## WHAT YOU SHOULD DO
All that is needed is the first stretch of the listing below, repeated exactly and ending with the line that contains "A 3D model of". Pictures are to be left out.

## EXCERPTED DATA
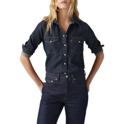 Levi's Iconic Western Buttondown blouse darkblue denim, Women's, Size: Medium, Dark/blue denim
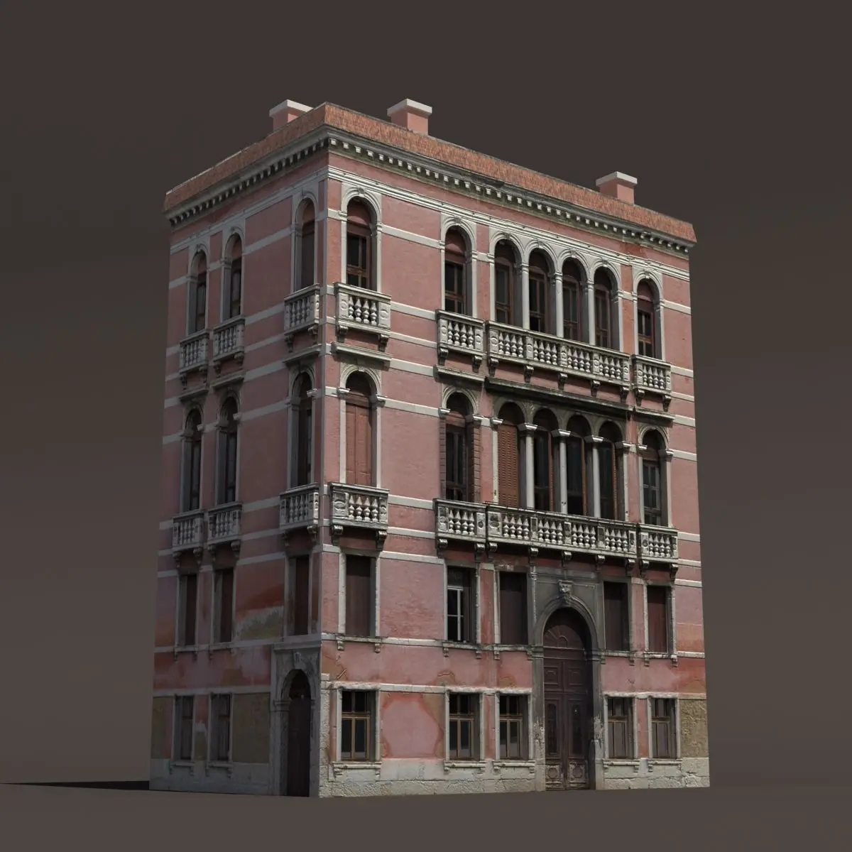 A 3D model of a low poly building. Exterior only, no interior.
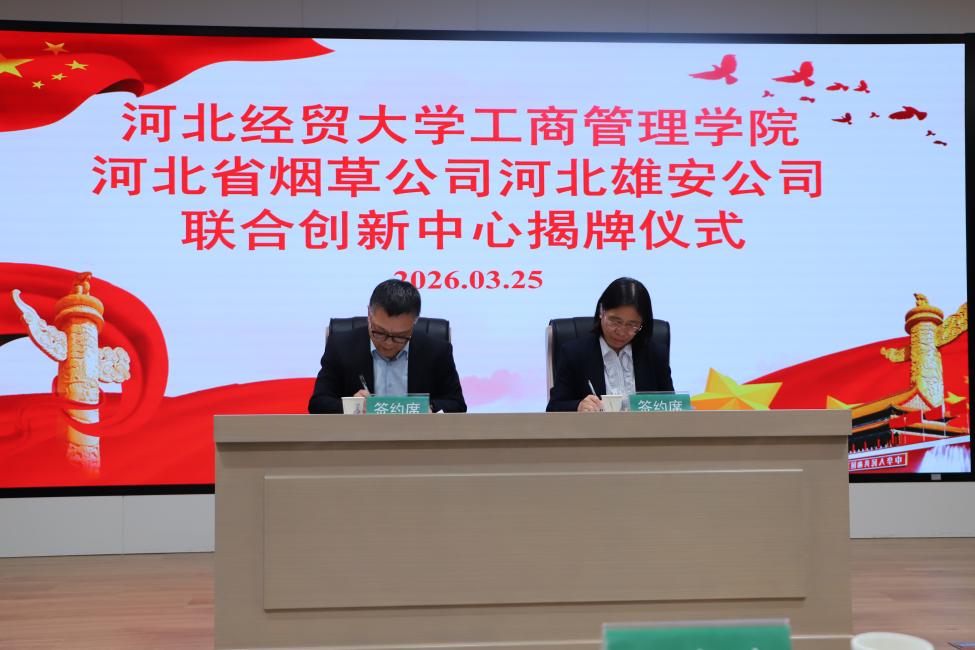 此次校企战略合作签约与联合创新中心揭牌,标志着双方合作迈入实质化、常态化新阶段。联合创新中心的成立,既是雄安烟草汇聚创新力量、破解发展难题的实践,也是工商管理学院推动科研成果落地、培育实用型人才的有效路径,契合雄安新区建设 “新时代创新高地” 的发展理念和应用型高校服务地方社会经济发展的功能定位。未来,双方将以联合创新中心为载体,实现优势互补、协同发力,加速创新成果落地应用,为推动 “智慧雄烟” 建设、助力雄安新区高质量发展注入新动能。(通讯员:工商管理学院 王晓东)
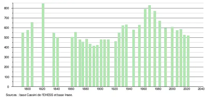 L'évolution du nombre d'habitants est connue à travers les recensements de la population effectués dans la commune depuis 1793. Pour les communes de moins de 10 000 habitants, une enquête de recensement portant sur toute la population est réalisée tous les cinq ans, les populations légales des années intermédiaires étant quant à elles estimées par interpolation ou extrapolation[25]. Pour la commune, le premier recensement exhaustif entrant dans le cadre du nouveau dispositif a été réalisé en 2006[26].
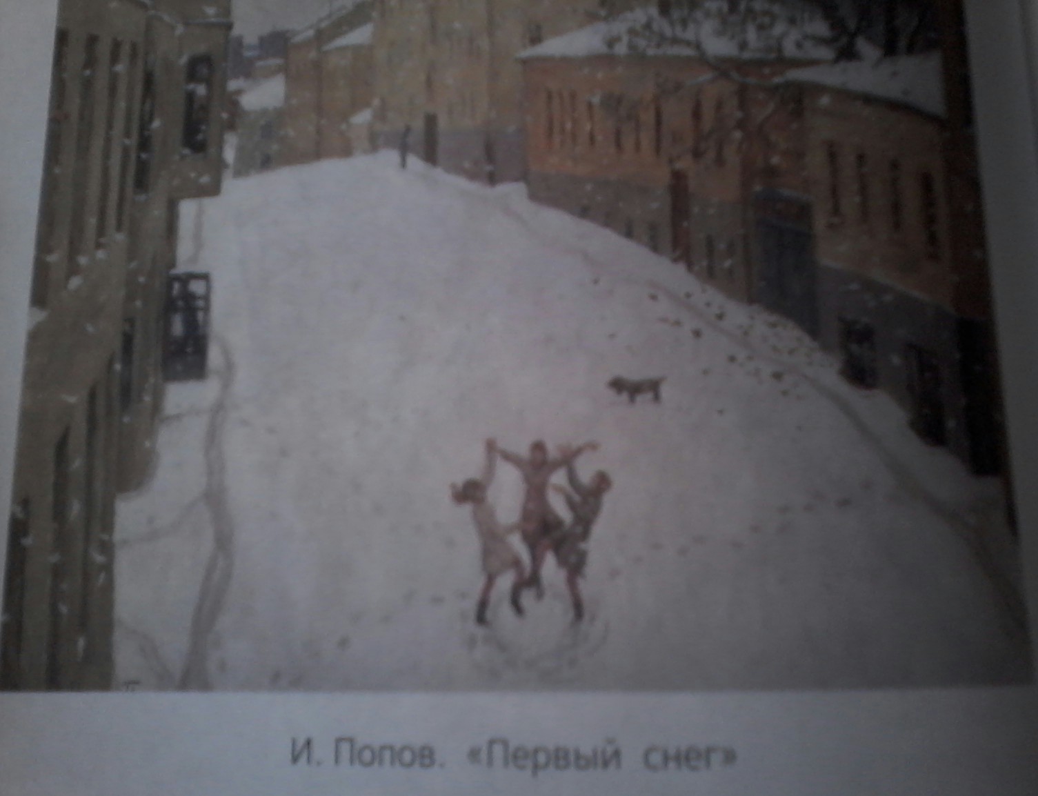 Передо мной картина великого мастера И.Попова под названием "Первый снег". Она настолько завораживает, что хочется смотреть на нее и просто улыбаться, а описывать ее от первого лица, что я и сделаю.Мы с нетерпением ждали первого снега, но его всё не было. Небо было серым, и любой день казался пасмурным. Каждое утро я с надеждой подбегал к окну, мечтая увидеть белое чудо. Но улица оставалась серой и безжизненной. И вдруг однажды утром мама зашла ко мне в комнату, загадочно улыбаясь. Я сразу понял: снег! Мигом спрыгнув с кровати, я очутился у окна.От неожиданности я даже зажмурился. Все вокруг сияло и переливалось разными красками. Снег лежал кругом: на деревьях, на крышах, на телефонной будке под моим окном, на земле. И всё шёл и шёл. Снежинки кружились в нежном вальсе и искрились на солнце, которое не выдержало такой красоты и вышло из своего убежища. Было так светло и радостно! Грязновато-жёлтые дома смотрелись как-то по-особенному жёлто на белоснежном фоне. Ровный слой на дороге не был поврежден следами шин от проезжающих машин, и только по краям, ближе к зданиям, утренние прохожие уже протоптали едва заметные тропинки-дорожки.

## RESPONSE TO THE TASK
 Levi's Iconic Western Buttondown blouse darkblue denim, Women's, Size: Medium, Dark/blue denim
 A 3D model of a low poly building. Exterior only, no interior.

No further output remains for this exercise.